All of lore.kernel.org
 help / color / mirror / Atom feed
From: zhanghailiang <zhang.zhanghailiang@huawei.com>
To: "Dr. David Alan Gilbert" <dgilbert@redhat.com>,
	Wen Congyang <wency@cn.fujitsu.com>
Cc: lizhijian@cn.fujitsu.com, quintela@redhat.com,
	yunhong.jiang@intel.com, eddie.dong@intel.com,
	peter.huangpeng@huawei.com, qemu-devel@nongnu.org,
	arei.gonglei@huawei.com, amit.shah@redhat.com,
	david@gibson.dropbear.id.au
Subject: Re: [Qemu-devel] [RFC PATCH v4 00/28] COarse-grain LOck-stepping(COLO) Virtual Machines for Non-stop Service
Date: Tue, 28 Apr 2015 18:51:28 +0800	[thread overview]

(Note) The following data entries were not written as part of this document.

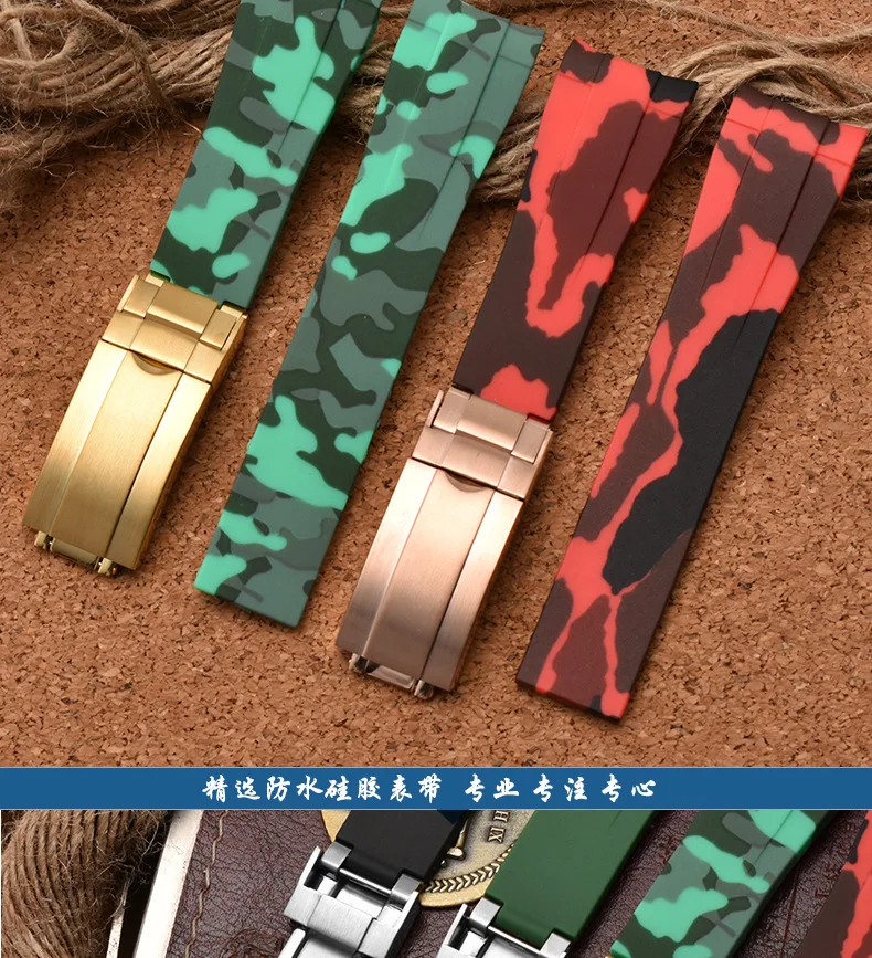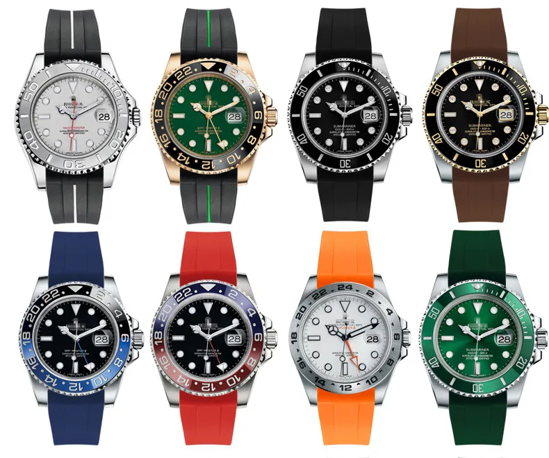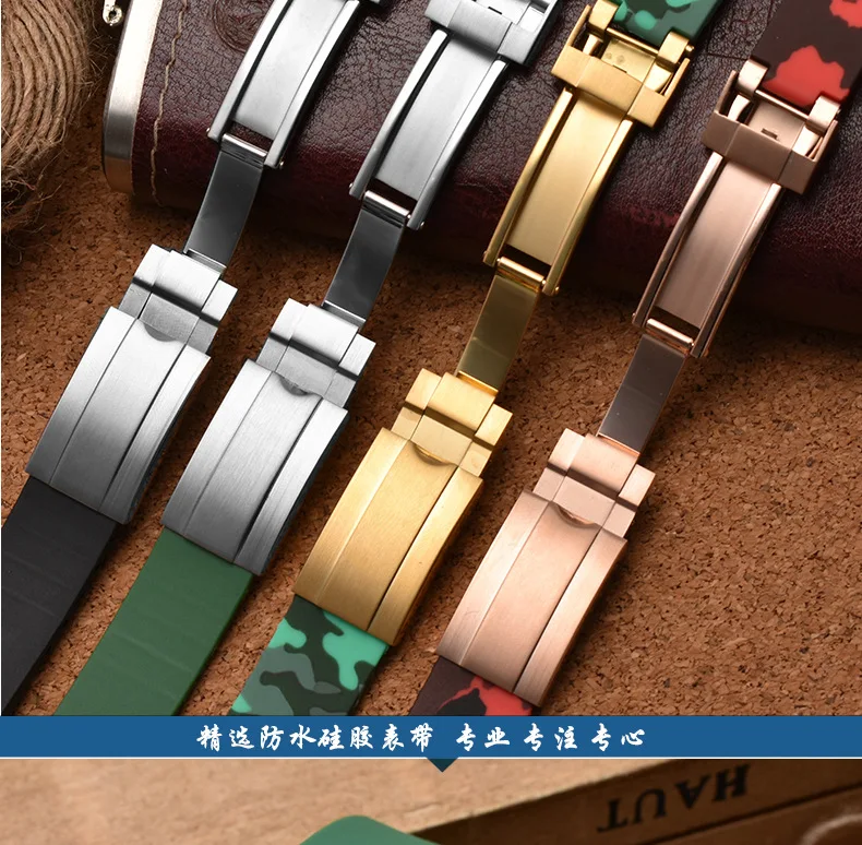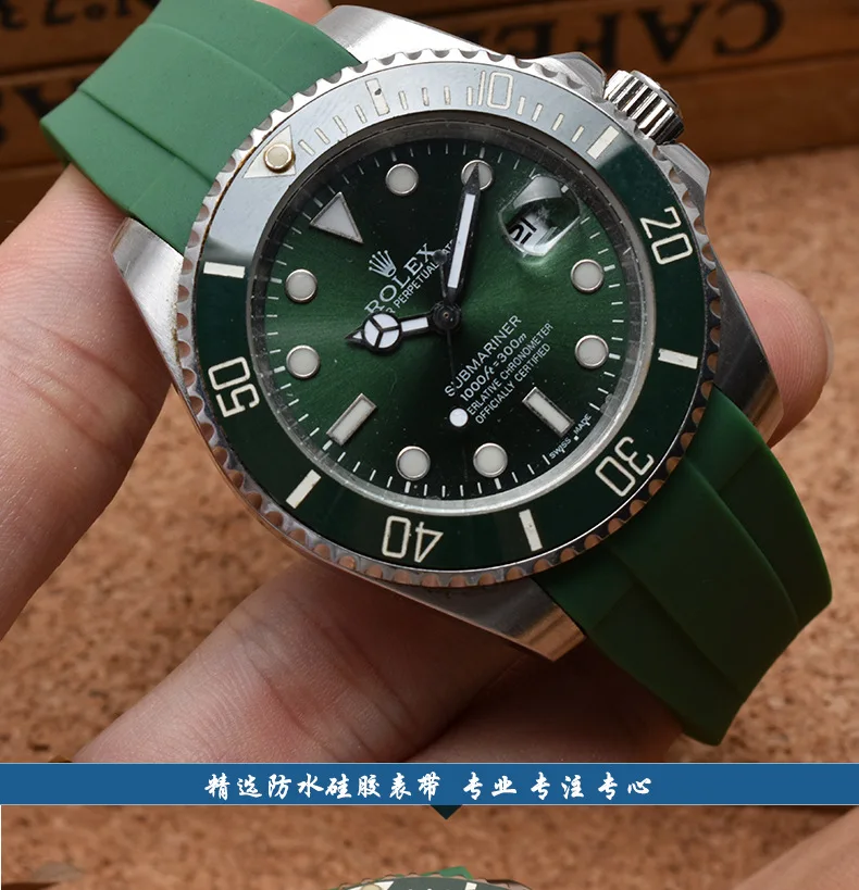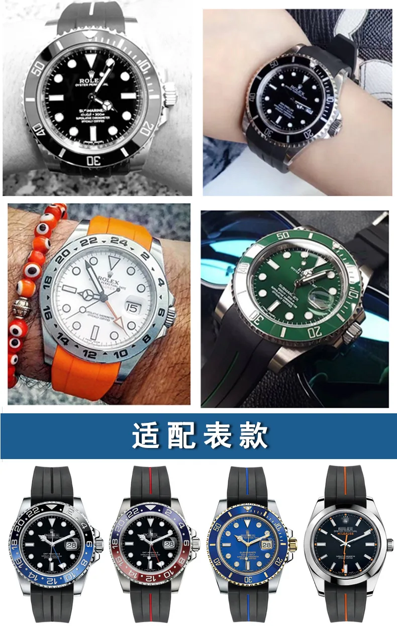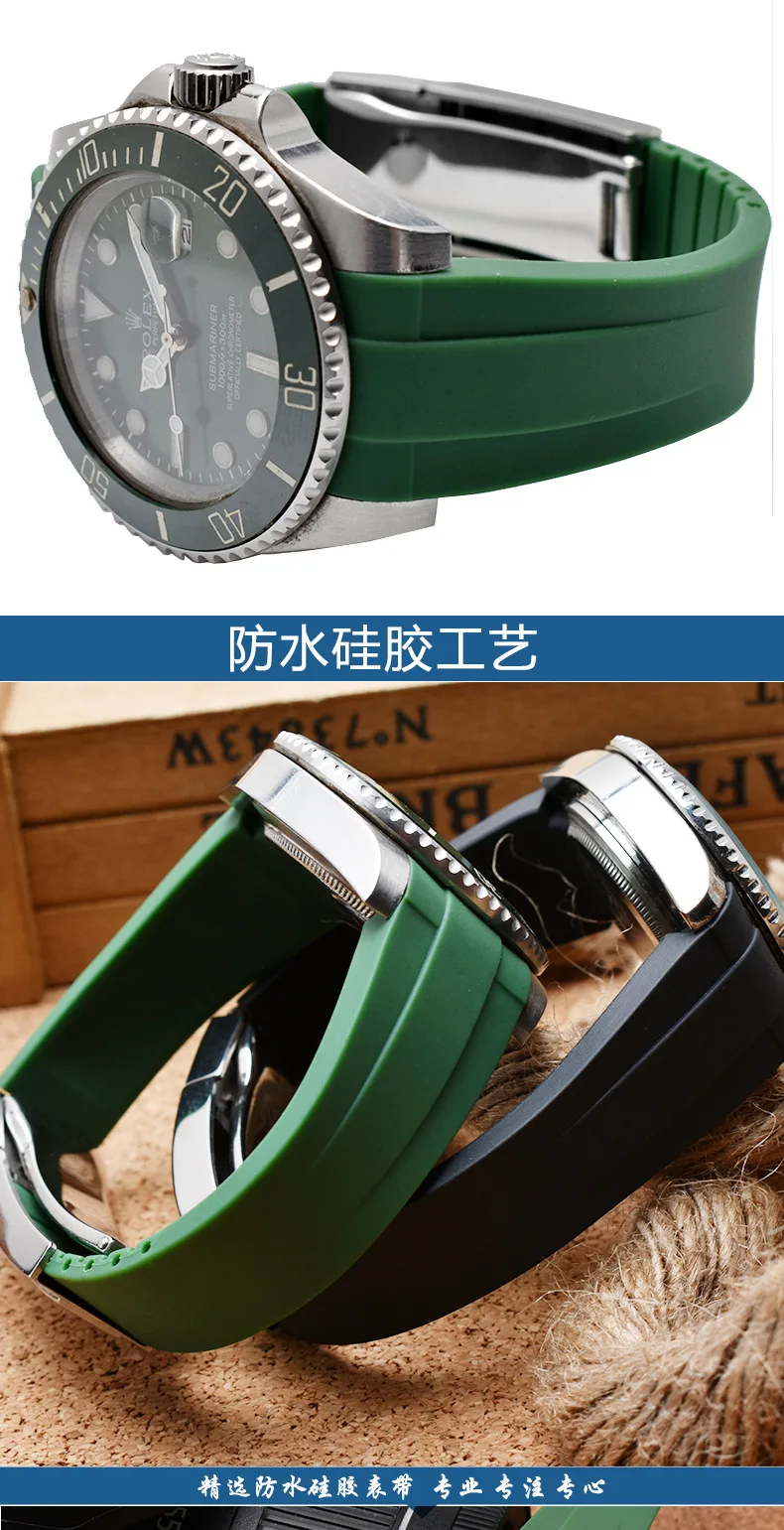 Ремешок для часов, 20 мм, для часов Rolex, резиновый, с застежкой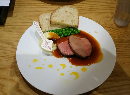 そして注文したメニューがこちら。おとぎの国の英国風ローストビーフ、ケロちゃんのマンゴーミルクフロート withスッピークッキー、小狼くんハッピーバースデーロールケーキです。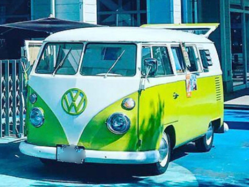 1963年式のワーゲンバスキッチンカーです。おすすめメニューは、2種類のチーズガレットやカカオ71%チョコレート&47%ホイップクリームのガレットです。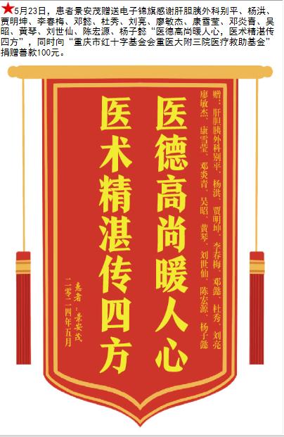 患者景安茂赠送电子锦旗感谢肝胆胰外科别平等人,并向医疗救助基金捐赠善款100元。-锦旗-患者心声-患者服务-重庆医科大学附属第三医院【官方网站】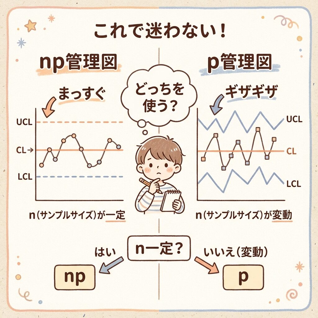 ✅ 共通点:p̄(平均不適合品率)を先に求める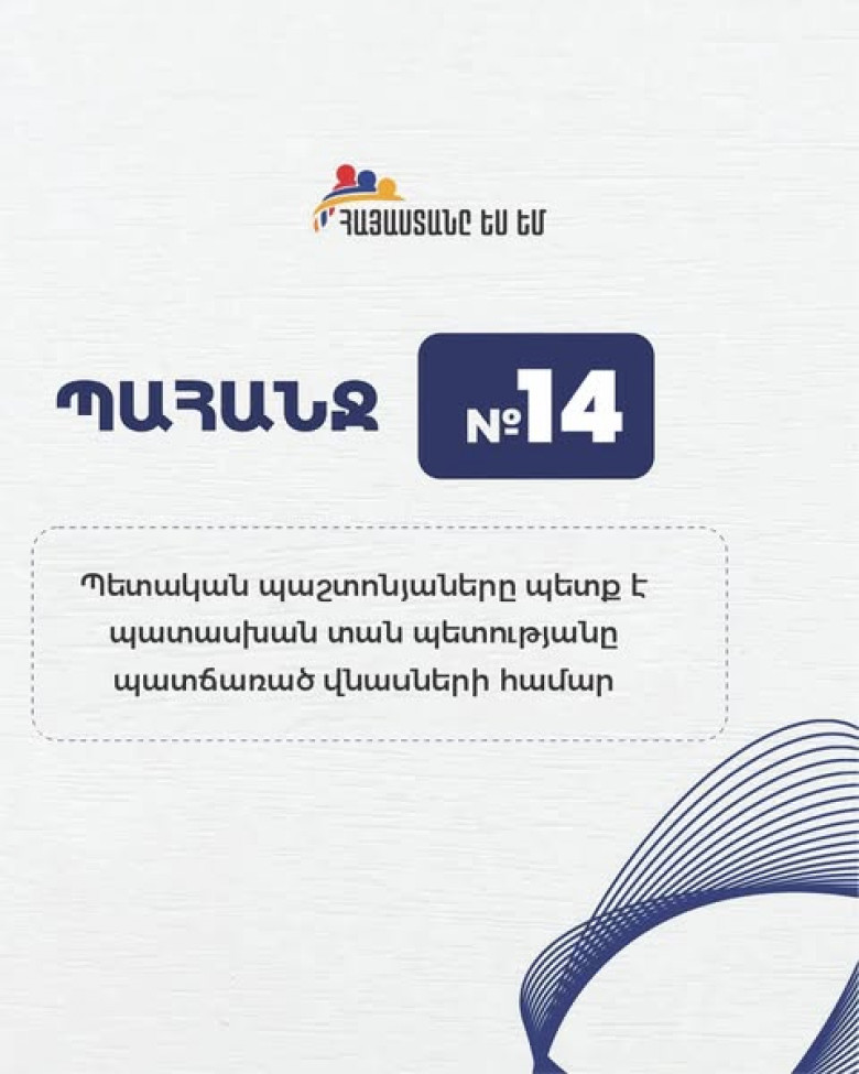 Պետական պաշտոնյաները պետք է պատասխան տան պետությանը պատճառած վնասների համար.«Հայաստանը ես եմ»-ի 14-րդ պահանջը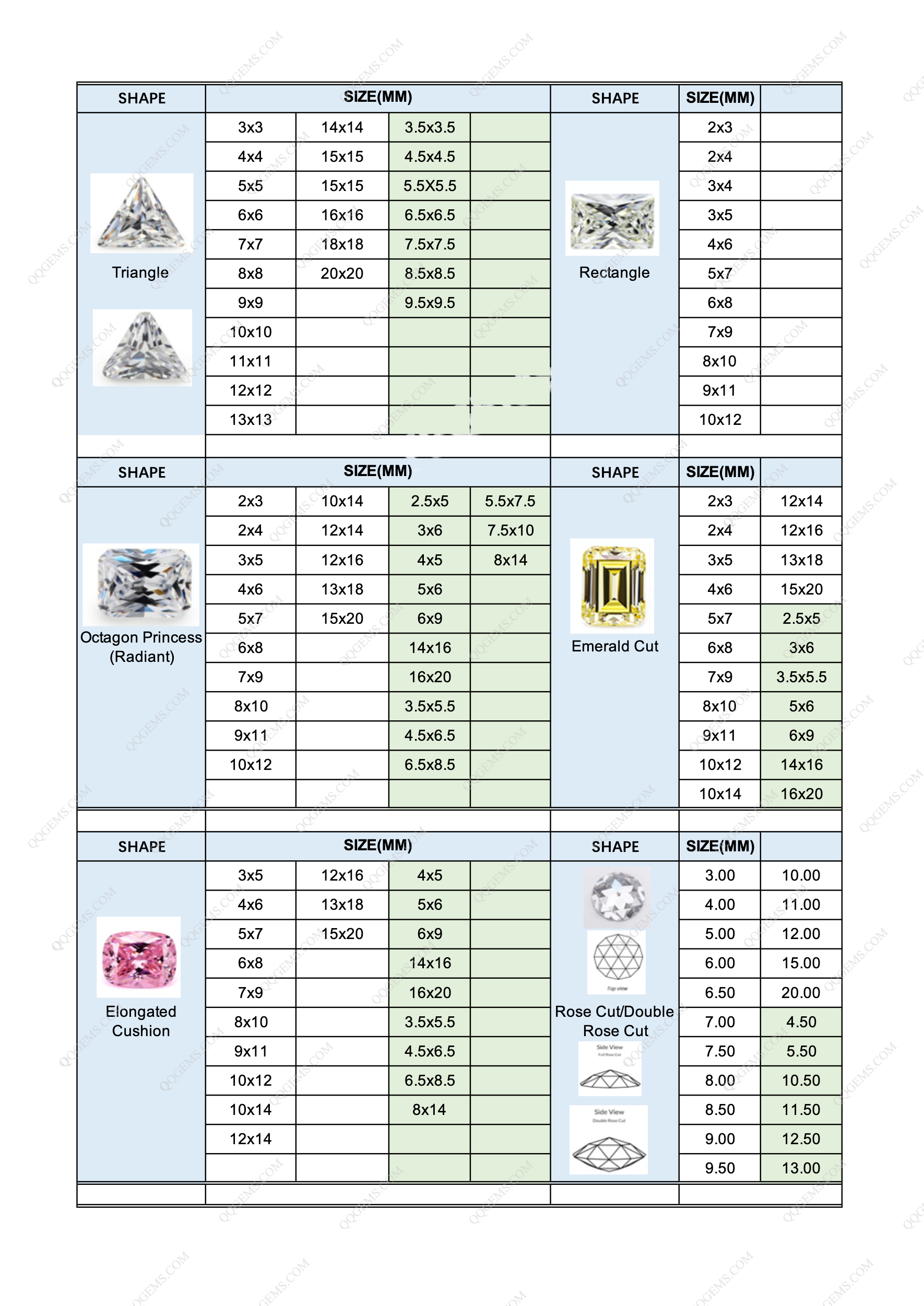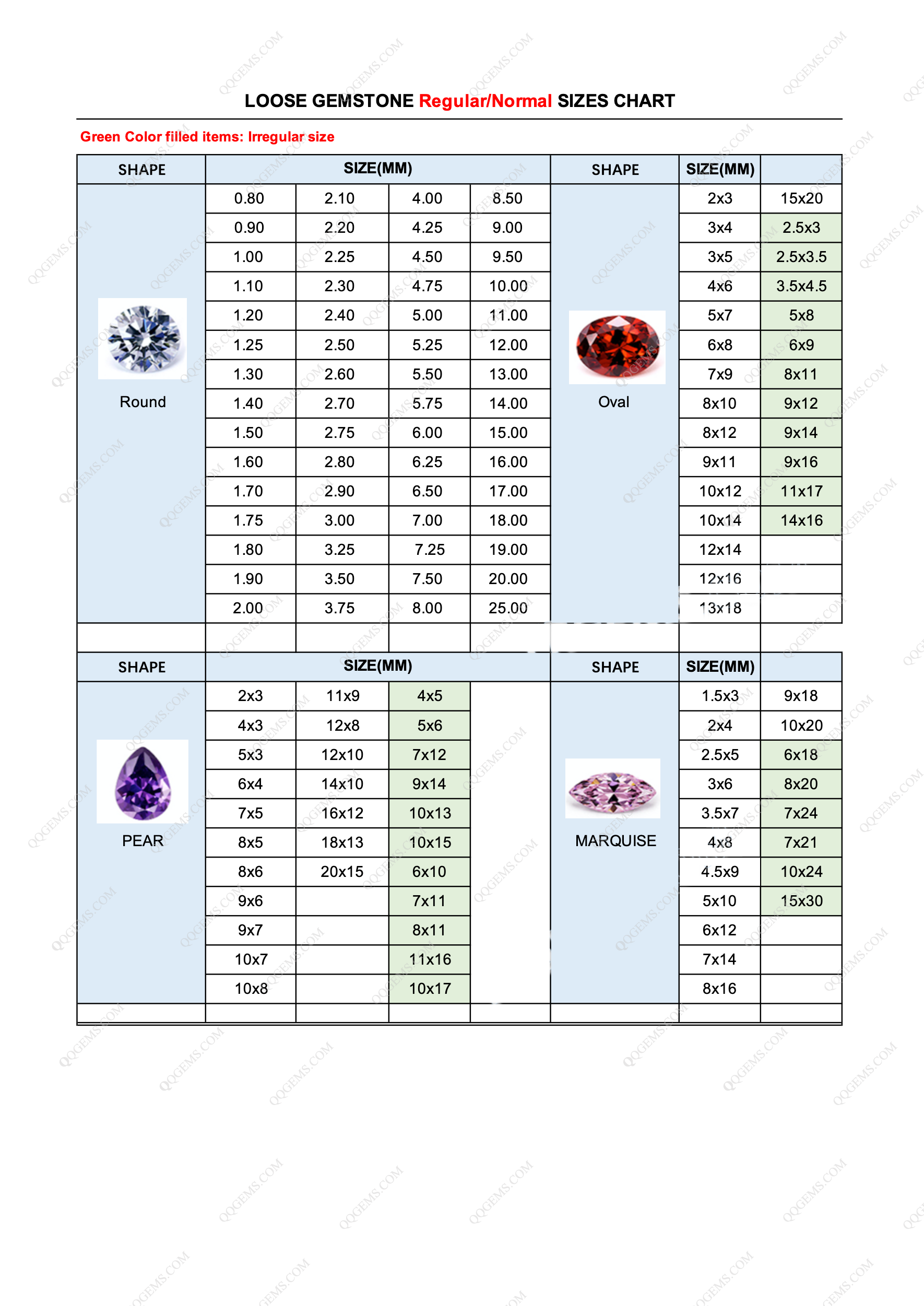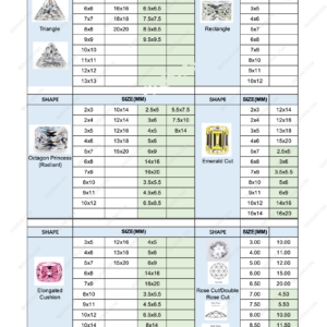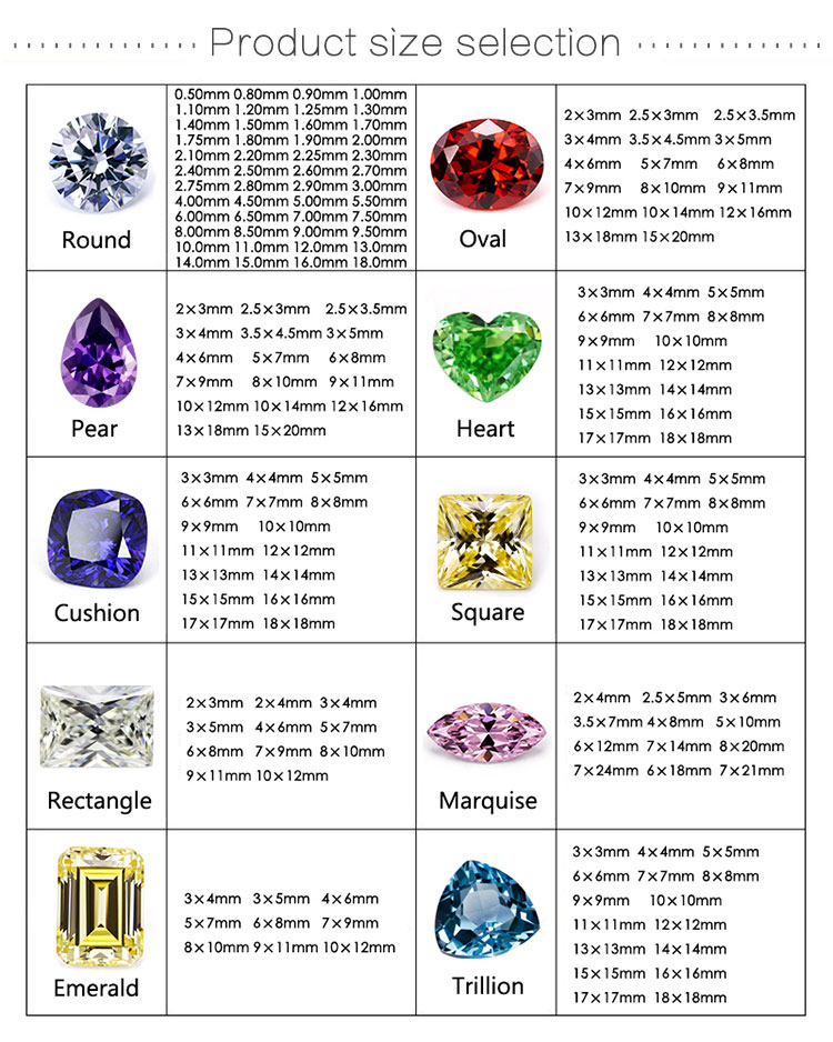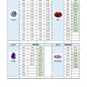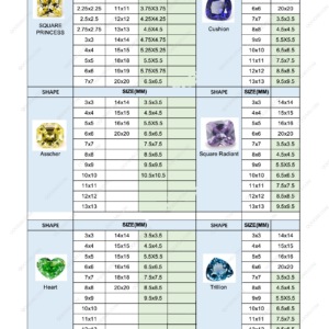 LOOSE GEMSTONE POPULAR SHAPES & SIZES CHART

Message-ID: <553F6630.2040704@huawei.com> (raw)
In-Reply-To: <20150424083518.GA2139@work-vm>

On 2015/4/24 16:35, Dr. David Alan Gilbert wrote:
> * Wen Congyang (wency@cn.fujitsu.com) wrote:
>> On 04/22/2015 07:18 PM, Dr. David Alan Gilbert wrote:
>>> * zhanghailiang (zhang.zhanghailiang@huawei.com) wrote:
>>>> Hi,
>>>>
>>>> ping ...
>>>
>>> I will get to look at this again; but not until after next week.
>>>
>>>> The main blocked bugs for COLO have been solved,
>>>
>>> I've got the v3 set running, but the biggest problem I hit are problems
>>> with the packet comparison module; I've seen a panic which I think is
>>> in colo_send_checkpoint_req that I think is due to the use of
>>> GFP_KERNEL to allocate the netlink message and I think it can schedule
>>> there.  I tried making that a GFP_ATOMIC  but I'm hitting other
>>> problems with :
>>
>> Thanks for your test.
>> I guest the backtrace should like:
>> 1. colo_send_checkpoint_req()
>> 2. colo_setup_checkpoint_by_id()
>>
>> Because we hold rcu read lock, so we cannot use GFP_KERNEL to malloc memory.
>
> See the backtrace below.
>
>>> kcolo_thread, no conn, schedule out
>>
>> Hmm, how to reproduce it? In my test, I only focus on block replication, and
>> I don't use the network.
>>
>>>
>>> that I've not had time to look into yet.
>>>
>>> So I only get about a 50% success rate of starting COLO.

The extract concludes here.